La libreta de tapa hule tiene vigencia. Por Martha Wolff
La libreta de tapa hule tiene vigencia. Por Martha Wolff

Me crié en el almacén de mis abuelos paternos. Quedaba en Villarroel y Juan B. Justo a una cuadra de Corrientes, pleno Villa Crespo. Lo había alquilado mi padre porque tenía un local adelante y  vivienda trasera. Él había llegado solo al país siendo un adolescente, huyendo de los pogromos y trabajando duro pudo traer luego parte de su familia desde Ucrania.

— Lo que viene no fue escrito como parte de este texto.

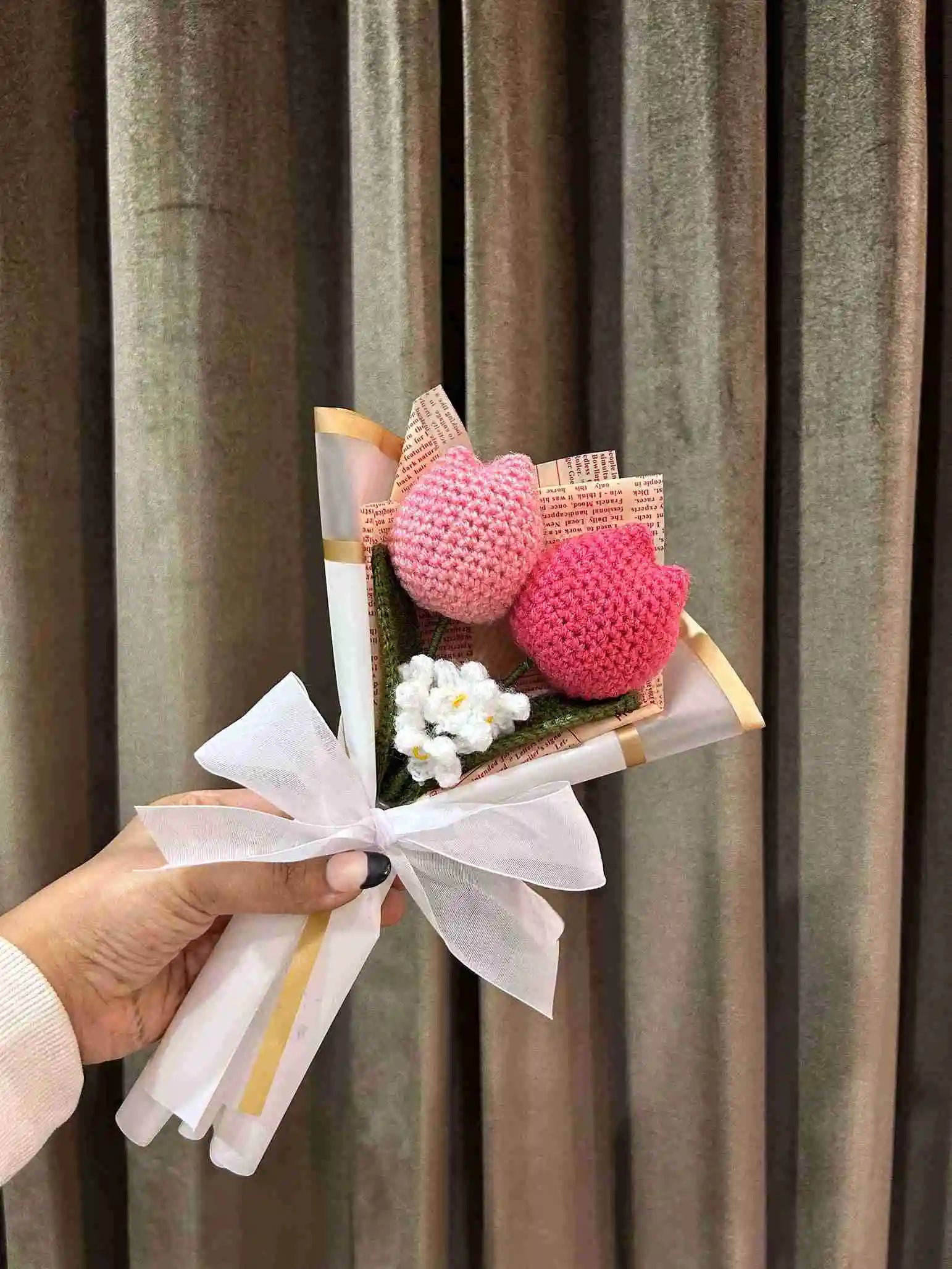 This Double Tulip and Forget-Me-Not Handmade Crochet Bouquet brings together the elegance of tulips and the delicate charm of forget-me-nots. Crafted with premium yarn, this bouquet showcases two beautiful tulips in vibrant hues, complemented by the soft white accents of forget-me-not flowers and lush green leaves.

En el local abrieron un almacén que se inundaba cuando crecía el Arroyo Maldonado. Recuerdo cuando mis padres con nosotros, sus hijos, aprovisionados con botitas de goma, tomábamos el tranvía e íbamos  a ayudar a sacar el agua. Y también cuando todo se normalizaba jugábamos a atender a los clientes. A mí me gustaba cortar la montaña de turrón de maní dulce con el nombre de jalvá, sacar el azúcar con las palas de metal de las alacenas porque se vendía por gramos, poner la mercadería en las bolsas de papel madera y hacer girar la rueda de la máquina de cortar fiambre. Todavía tengo impregnado el olor de los pepinos en salmuera, del bursht y el kerosene que se vendía fraccionado. Recuerdo las damajuanas de vidrio verde con trenzado de paja con el embudo de hojalata para llenarla. No faltó el perfume del pescado ahumado que envolvíamos en papel de estraza.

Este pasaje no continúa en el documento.